The 5: This week, the Labor Department holds hearings on “lifetime income options for retirement plans.” That sounds like code for the “guaranteed retirement accounts” notion first floated in 2008 — and flagged for us at the time by Strategic Short Report editor Dan Amoss.
“This seems to be the second effort,” Dan commented last week, “by the statists in Congress to slowly boil the American people like a frog… put everyone in 'safe' Treasury-backed annuities to help plug long-term deficits and then inflate the value away.”
We’ll keep an eye on these hearings this week. Stay tuned. In the meantime, if you'd like to fight back — just a little bit — consider Jim Nelson's approach presented here.
“Please consider the tax on the sale of investment property," another reader writes in response to our item Friday about the new 3.8% federal tax on investment income for so-called high earners, "where there is not the personal residence protection.

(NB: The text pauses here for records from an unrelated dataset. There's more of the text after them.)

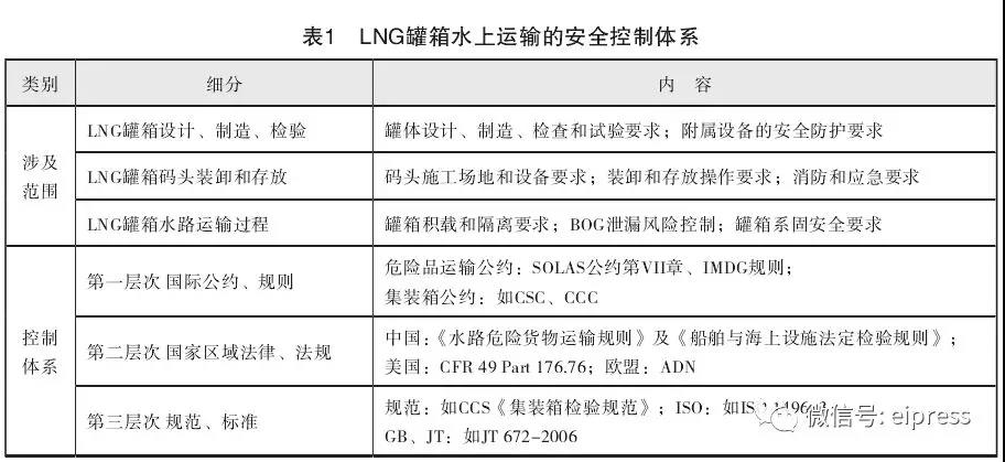 所以,該控制體系居于核心地位的是國(guó)際公約規(guī)則,其他層次均為該層次的衍生和細(xì)化。表 1 是 LNG 罐箱水上運(yùn)輸安全控制體系的主要分類和內(nèi)容。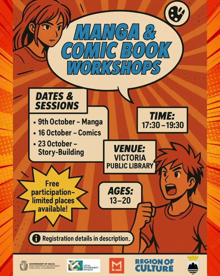As part of the activities for the Region of Culture in Gozo, the Gozo Central Public Library will open its doors to a colourful and exciting adventure featuring three separate workshop sessions. The first session will explore the Japanese art of Manga, to reveal the techniques behind Japan's popular art style, while the second session will allow participants to dive...
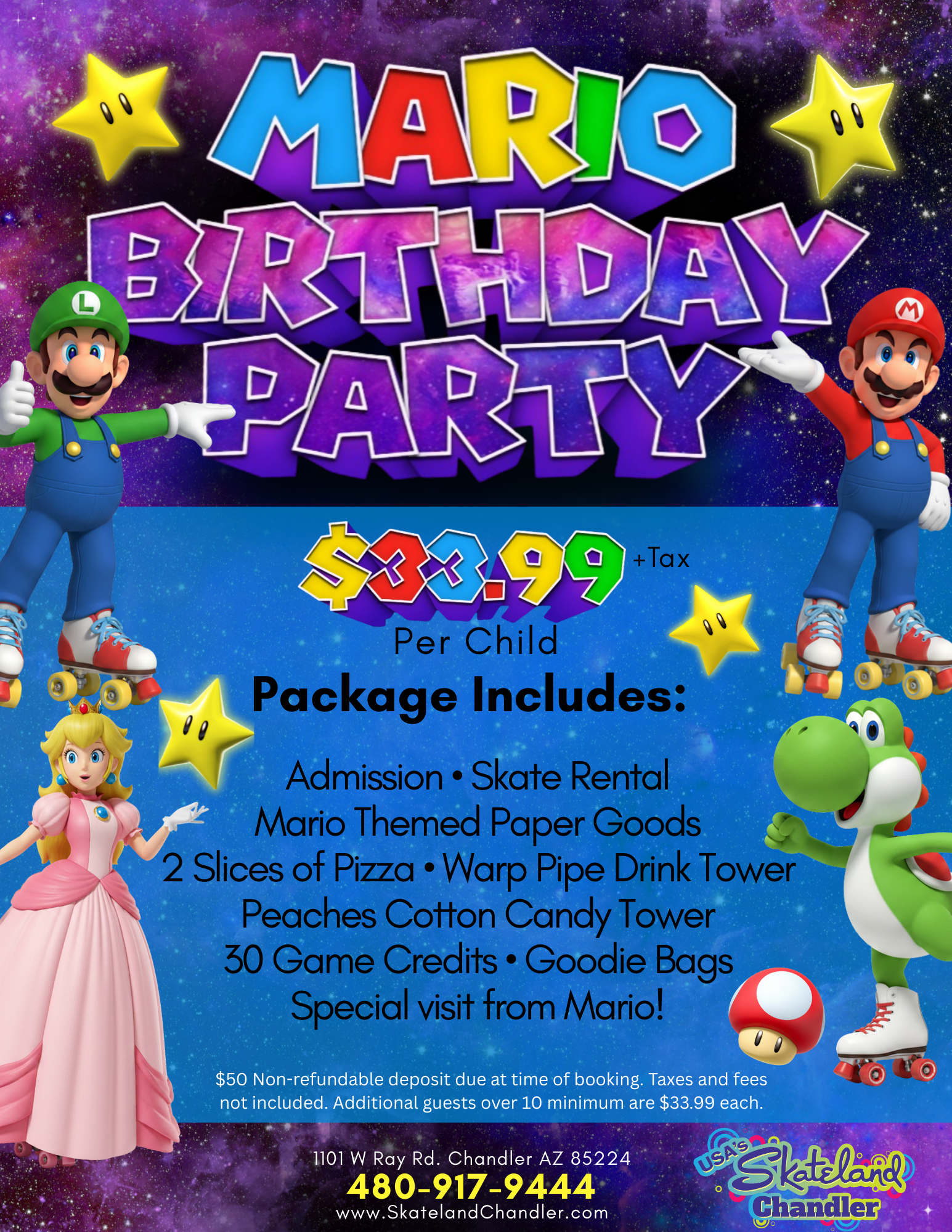 $50 Non-refundable deposit required to secure birthday party. Payment due at time of party. Minimum of 10 party guests required for each party (unless otherwise noted). 2 chaperones skate free per party. *Gratuity and tax not included in price* We accept VISA, MASTERCARD, AMERICAN EXPRESS or DISCOVER. 3.5% Processing fee charged on all card transactions.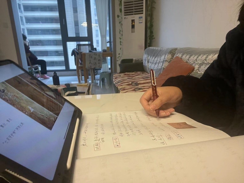 针对在线理论学习特点,我特别强调师生的互动:一是加强课前相关知识的预习,目的使让同学们了解相关知识,逐渐收心,进入学习状态;二是在线理论课堂上的讲学互动,线上教学师生对着电脑,容易走神,我就特意的增加提问和讨论环节,增加课堂互动性。在第三周课程中,课下的方案构思设计,我要求随时汇报草图进度,检查作业完成情况,随时构图讲解。再有就是让同学们做总结写建议意见,根据同学们所需,共同打造线上课堂。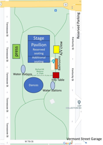 The event at Watson Park will be led by Master of Ceremonies Sydney Pursel and will feature speeches by the Kaw Nation tribal chair, Lawrence Mayor Lisa Larsen, Jim Pepper Henry and others. It will include a drum honor song and a prayer by a Kaw Nation elder and will conclude with an invitation to move into the park for friendship dances. The event is expected to take about 45 minutes, the city told the Journal-World. The city provided a map of the park at 727 Kentucky St. and encouraged the public to use the Vermont Street Parking Garage, along with street parking in the area.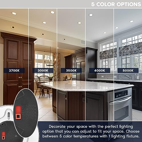 RELIABLE LIGHTING - Zero flickering light, zero delay, and zero worries with 4 inch LED recessed lights that provides quality indoor and outdoor lighting with a 5 cct color adjustable switch for temperature selectable recessed lighting and magnetic trim for easy trim changes. Every light has 2 install options, is Energy Star and wet rated for reliability, UL listed for safety, has a slim round white trim, 115 degree flood light, and backed by a 5 YEAR WARRANTY.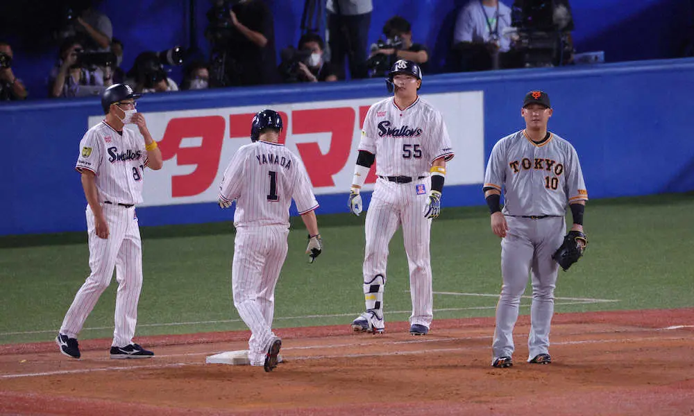 <ヤ・巨>5回、3ランを放ちナインに迎えられる中田(中央)(撮影・光山 貴大) Photo by スポニチ 巨人・中田翔 栗山監督の前で3ラン「“恩返しをしていこうな”という言葉を… ギャラリーで見る この記事のフォト 2022年09月13日の画像一覧 もっと見る 2022年09月13日の画像をもっと見る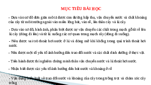 - Nêu được một số yếu tố ảnh hưởng đến trao đổi nước và các chất dinh dưỡng ở thực vật.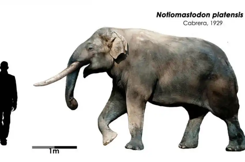 Se trata del Mastodonte sudamericano (Notiomastodon platensis), un tipo de elefante prehistórico que habitó Sudamérica durante el último millón de años y que se extinguió hace sólo 10 mil años atrás junto con otros grandes mamíferos que habitaron la zona.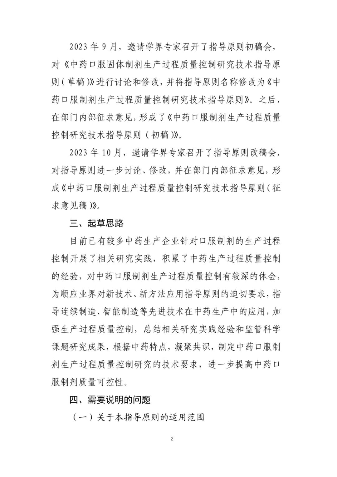 附件2:《中药口服制剂生产过程质量控制研究技术指导原则(征求意见稿)》起草说明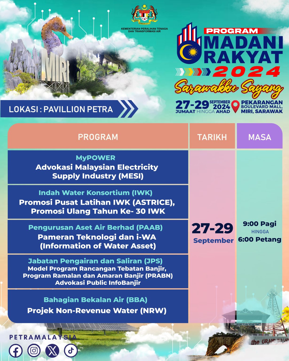 Untuk kali ini, Program MADANI Rakyat 2024 Sarawakku Sayang akan berlangsung di Pekarangan Boulevard Mall, Miri, Sarawak.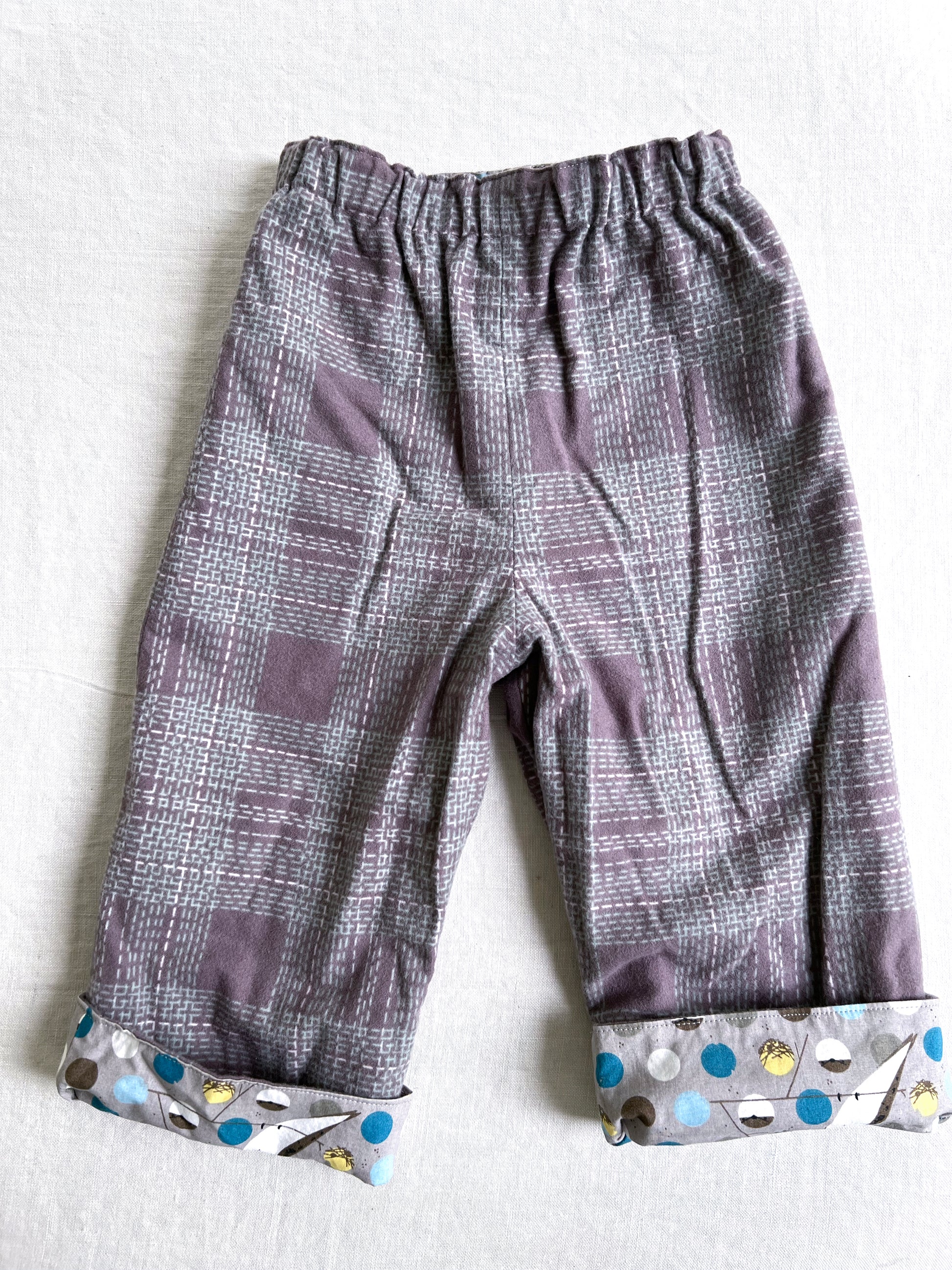 organic cotton reversible pants in barn swallow and plaid flannel

“This 3.8% tax, along with increased capital gains tax (15%, raised to 20%), will be substantial. Forget about 1034 Like Kind Exchanges, where there are many requirements and time limitations. An investor might desire to invest in other areas, e.g., gold, stocks, etc. Thanks for your great advice.”
The 5: Hmmm… we wonder how the tax bite for an individual who owns investment property will compare to the tax bite on corporations that own apartment complexes?
Regards,
Addison Wiggin
The 5 Min. Forecast
P.S.: “If you look at some of the markets here [in Chicago],” our Resource Trader Alert editor Alan Knuckman told Bloomberg TV on Friday, apparently onto opportunities outside the concerns we've raised today, “they’re driven by supply and demand.
"The stock market may be lagging behind them, but if you look at a lot of physical commodities — you look at corn, you look at sugar, you look at cotton, you look at silver — you look at some of these things, they’re doing very, very well — even though the stock market’s kind of lagging behind.”
That's why we love this guy. In his words, "It all comes back to commodities."